Agworld is actively helping farmers start their digital journey to capture the benefits of additional data through an ongoing investment in integrations.

Technology in agriculture has the potential to change the way we make decisions, but only if we have the tools to understand and interpret the data.

How all your farm data is organised and accessed will have a big impact on the insights it can provide.

Many seen, and likely benefited, from the introduction of technology over the last decade and experienced the ongoing struggle with trying to get it all to work together so that the right people can make sense of the data.

Why should it be so difficult to get soil test results, crop history, seasonal plans and yield results into the same program?

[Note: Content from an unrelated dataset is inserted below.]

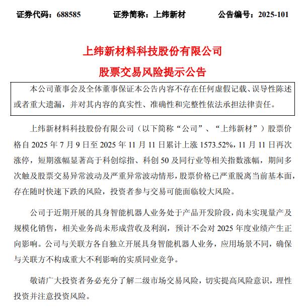 上纬新材11月11日公告,公司主营业务仍为环保高性能耐腐蚀材料、风电叶片用材料、新型复合材料以及循环经济材料的研发、生产及销售,未发生重大变化。公司生产经营未发生重大变化,市场环境或行业政策未发生重大调整,生产成本和销售等情况未出现重大变化。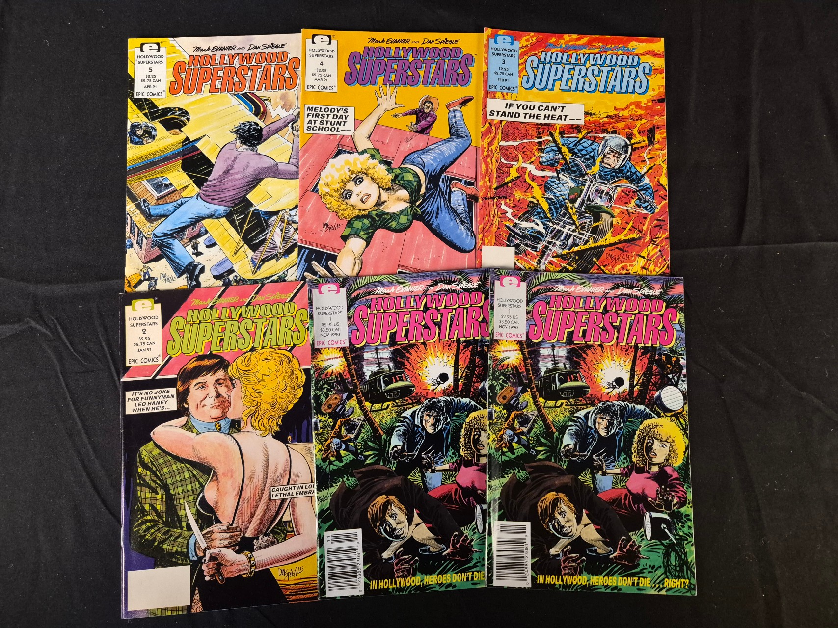 BID PER WHAT YOU SEE IN THE PHOTO, NOT THE AI GENERATED TITLES AND DESCRIPTIONS! A collection of Hollywood Superstars comic books published by Epic Comics, an imprint of Marvel, dating from late 1990 to early 1991. Created by Mark Evanier and Dan Spiegle, these Modern Age comics feature full-color cover illustrations and are printed on standard comic paper with staple-bound spines. The group includes various issues from the series with publication dates ranging from November 1990 to April 1991. Visible text on the covers includes the series title, creator credits, issue numbers, and original retail price markings for both the United States and Canada.

Farm data is piling in from tractor monitors, satellites, drones, weather sensors and a growing number Internet of things (IoT) devices.

This trend is likely to continue and the flood of digital data will increase, but for many farmers, they don’t know where to start their digital journey to capture the benefits of this additional data.

According to a company spokesman, Agworld is actively addressing this problem through an ongoing investment in integrations.

“This year alone Agworld has developed integrations with John Deere, Figured and Xero and soil testing laboratories, in addition to creating a rainfall data community,” the Agworld spokesman said.

“Agworld’s collaborative approach means that farm data can be seamlessly shared between agronomists and farmers.”

Tammin, WA, farmer Brad Jones said start with a plan.

"The old saying that you can't manage what you can't measure rings true here," Mr Jones said.

"It is a reference point for all of us, where we all know the plan, can check what we are doing and have confidence we are capturing and acting on robust data.

”The challenge for many farmers and the people they work with is finding solutions that leverage transparency and efficiency across all the places they have data,” he said. 

“How do they quickly and easily find out what has been done and what is left to do?” Agworld general manager, Simon Foley said.

“Agworld’s vision is that farmers, and the individuals that are important to their business can access the right information at the right time to make the best decision possible,” he said.

​“With Agworld, our workers now access a job description and information they need for the day through the app on their smart phone, iPad or laptop and can carry out the job as quickly and efficiently as possible," Ardmona orchardist, Mitchell McNab said. 

Mr McNab’s advisor, Steve Booth believes the Agworld app is the vital conduit in the process of being accurate, cutting out cumbersome paperwork and improving productivity for everyone.

Agworld believes 2018 is the year to go digital and assess opportunities to measure what is managed, adopt a platform for managing farm data and importantly bring the stakeholders around the farm business closer to the information they need.